TOKYO– Japan will open its borders to foreign tourists in June for the first time since strict pandemic travel restrictions were imposed about two years ago, but only for package tours for now, the Prime Minister.
From June 10, Japan will allow entry for people on tours with fixed schedules and guides, Prime Minister Fumio Kishida said.
Tourists from areas with low COVID-19 infection rates who have received three doses of the vaccine will be exempted from testing and quarantined after entry.
Japan is holding experimental small package tours this week from four countries, Australia, Singapore, Thailand and the United States. This experiment, which concerns only 50 people who received special visas, and not tourist visas, must end on May 31.
“The free and active exchange of people is the foundation of the economy and society, as well as the foundation of Asia’s development,” Kishida said during his speech at a Tokyo hotel on Thursday.
Japan, while monitoring the infection situation, will gradually accept more tourists in stages at the pre-pandemic arrivals level, he added.
After facing criticism that its strict border controls were xenophobic, Japan began easing its restrictions earlier this year and currently allows entry for up to 10,000 people a day, including Japanese citizens. , foreign students and some business travelers.
Japan will double the cap to 20,000 per day from June 1, which will also include package tour participants, said Makoto Shimoaraiso, a cabinet official in charge of pandemic measures.
The scale of the package tours and other details will be finalized after officials assess the results of ongoing trial trips, he said.
It will take some time before foreign visitors can come to Japan for individual tourism, Shimoaraiso said.
Japan also eased mask-wearing requirements this week. While masks are still requested in public transport, hospitals and other public facilities, people can remove masks outside where others are not there or talking. Despite the easing, most Japanese are so far sticking to wearing masks in public.

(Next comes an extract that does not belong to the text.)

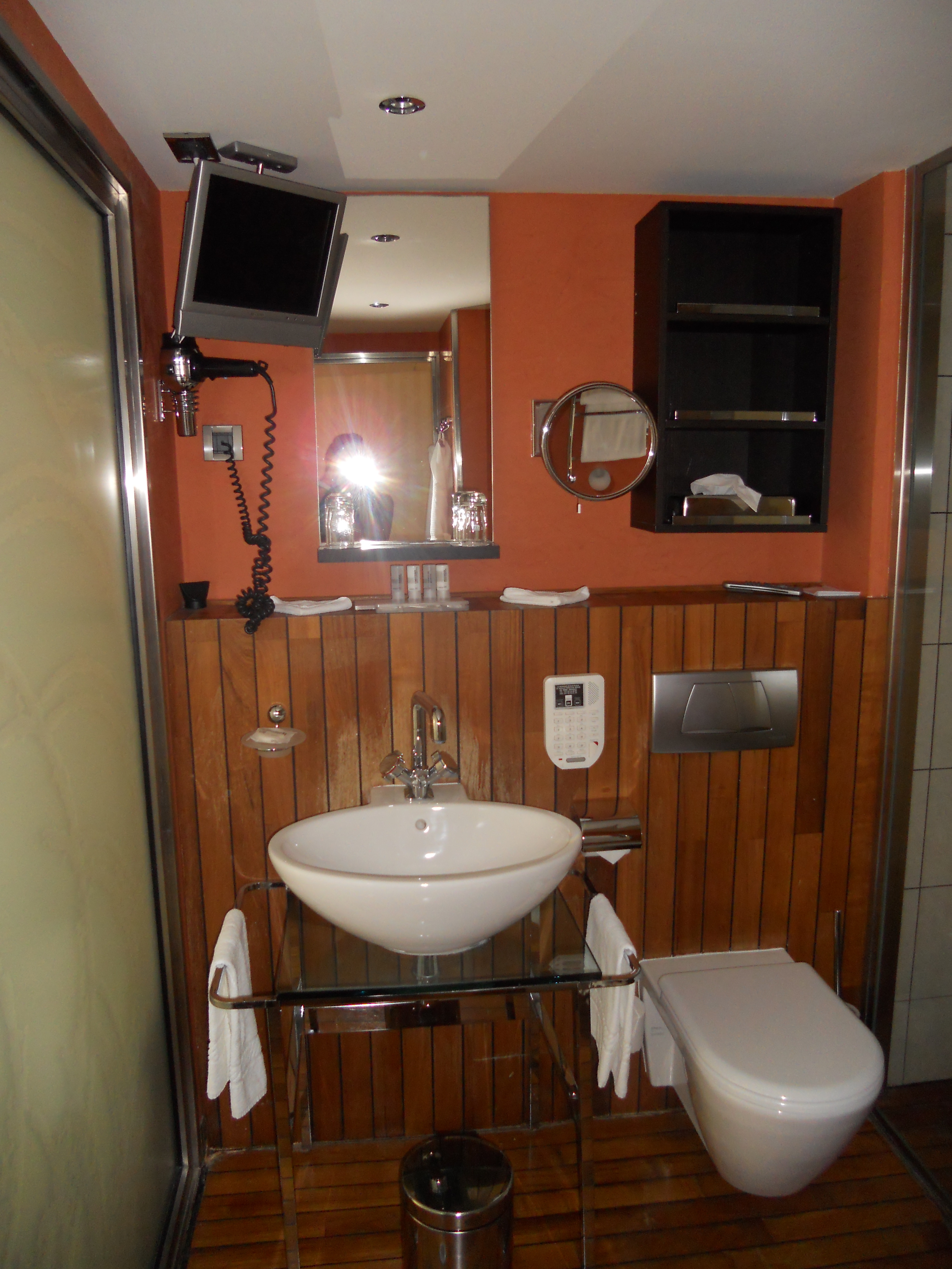 The last positive aspect of the room was clearly the bathroom. I have to admit that I didn’t like the presentation of it (color etc.), but it had a television in it. How cool is that? Perhaps I’m the only person who is so television addicted, but I would love to have a television in my bathroom. But this wasn’t the only favorite in the bathroom, I really liked the shower. It was so huge and with two shower heads. I really don’t have a negative point in regard of the room.

Japan’s tourism industry, hit hard by border controls, is eager for overseas tourism to resume. COVID-19 infections have slowed in Japan since the beginning of this year, and the government is gradually expanding social and economic activity.
Kishida said during a visit to London earlier this month that he planned to ease border controls as early as June in line with the policies of other industrialized countries in the Group of Seven, but gave no further details.
Foreign tourist arrivals fell more than 90% in 2020, from a record 31.9 million the previous year, nearly wiping out the pre-pandemic inbound tourism market of more than 4 trillion yen (31 billion yen). dollars).